Manders, I remember them,
According to Google they're still in business and there's a stockist apparently close to you in Aberdeen
Rodders


----------



## DiscoStu (7 Mar 2016)

I used Blackfriars paint for some outdoor wood and it was brilliant. Not sure if that's still about?


Sent from my iPhone using Tapatalk


----------



## blackrodd (7 Mar 2016)

DiscoStu":1ot4lzw3 said:


> I used Blackfriars paint for some outdoor wood and it was brilliant. Not sure if that's still about?
> 
> 
> Sent from my iPhone using Tapatalk


Our local Brewers stock Blackfriars, As you say (another) good paint not seen so much these days.
Rodders


----------



## biskit (8 Mar 2016)

I think they all have bad times and good. My old work mate invented the Dulux dog in the early 50s. He entered a competition for a Dulux advert painting an old English sheepdog looking at his reflection in a painted door, the caption was, It's got to be Dulux. A few years later it became The add, he never got any recognition.


----------



## treeturner123 (11 Mar 2016)

Hi

Wish I'd read this before braving B&Q on Wednesday to get some Dulux Gardenia, a mixed colour,to match the colour we already have. No, don't do it now as it is all Valspar which have totally diffrent colour names!
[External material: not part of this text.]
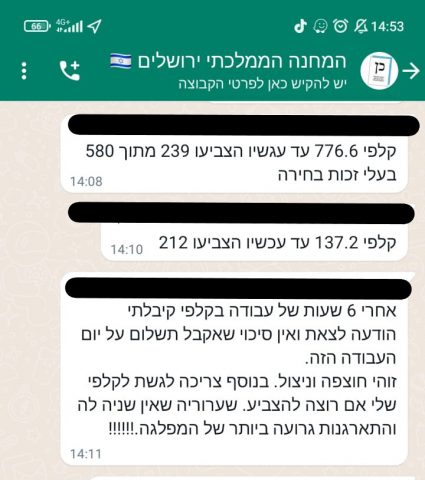 בשעות הצהריים שלח רכז של המפלגה הודעה בקבוצת עובדי הקלפיות בה נכתב בין השאר: "כל מי שלא קיבל כתב מינוי והוא משובץ למשרת ערב/כפולה – המשמרת מבוטלת – לא להגיע אליה (אם אין כתב מינוי לא יתקבל תשלום)".

Serves me right for trying to buy anything with my OAP discount card!!

Phil


----------



## RogerS (11 Mar 2016)

I think Barrow and Fall is the best :---) :---) :---) :---) :---) :---) :---)


----------



## graduate_owner (11 Mar 2016)

I wanted to paint over an orange kitchen wall with magnolia ( yes, I know magnolia is common as muck but it was far better than the hideous orange - who chooses colours like that??). I gave the wall one coat of 'lesser brand' emulsion, not expecting one coat to be enough. Well I was right there. I gave it a second coat but it didn't seem to make much difference. So I just painted a small section (just to see, and save time over doing the whole wall), and I kept on giving coat after coat on successive days with practically no improvement in coverage. The orange was still clearly showing through. So I went to my local shop and bought some Crown white with magnolia tint added. It did the job in just one coat. I won't say which was the lesser brand I used, but it sharesa name with a British make of motor car which was around in the 70's.

K


----------



## RogerS (11 Mar 2016)

graduate_owner":29jm1hix said:


> .... I won't say which was the lesser brand I used, but it sharesa name with a British make of motor car which was around in the 70's.
> 
> K




Rolls Royce ?


----------



## Phil Pascoe (11 Mar 2016)

A maker, more so than a make.


----------



## graduate_owner (11 Mar 2016)

Close, but not quite. Was there ever a paint manufacturer caller Bentley, I wonder?

K


----------



## Beau (11 Mar 2016)

Had a quick look online and Crown paints seem widely available and Homebase claim to stock it. Having used some Crown white in our hallway will be sticking with Dulux trade in future as it just seems like better paint to apply and clean.


----------



## graduate_owner (11 Mar 2016)

Aldi have Crown paint on offer this Sumday, 5 litres magnolia matt emulsion for £10. Also gardening, decorating and air compressor/ air tools. I bought a retractible air line a while ago and it seems fine so far.

K


----------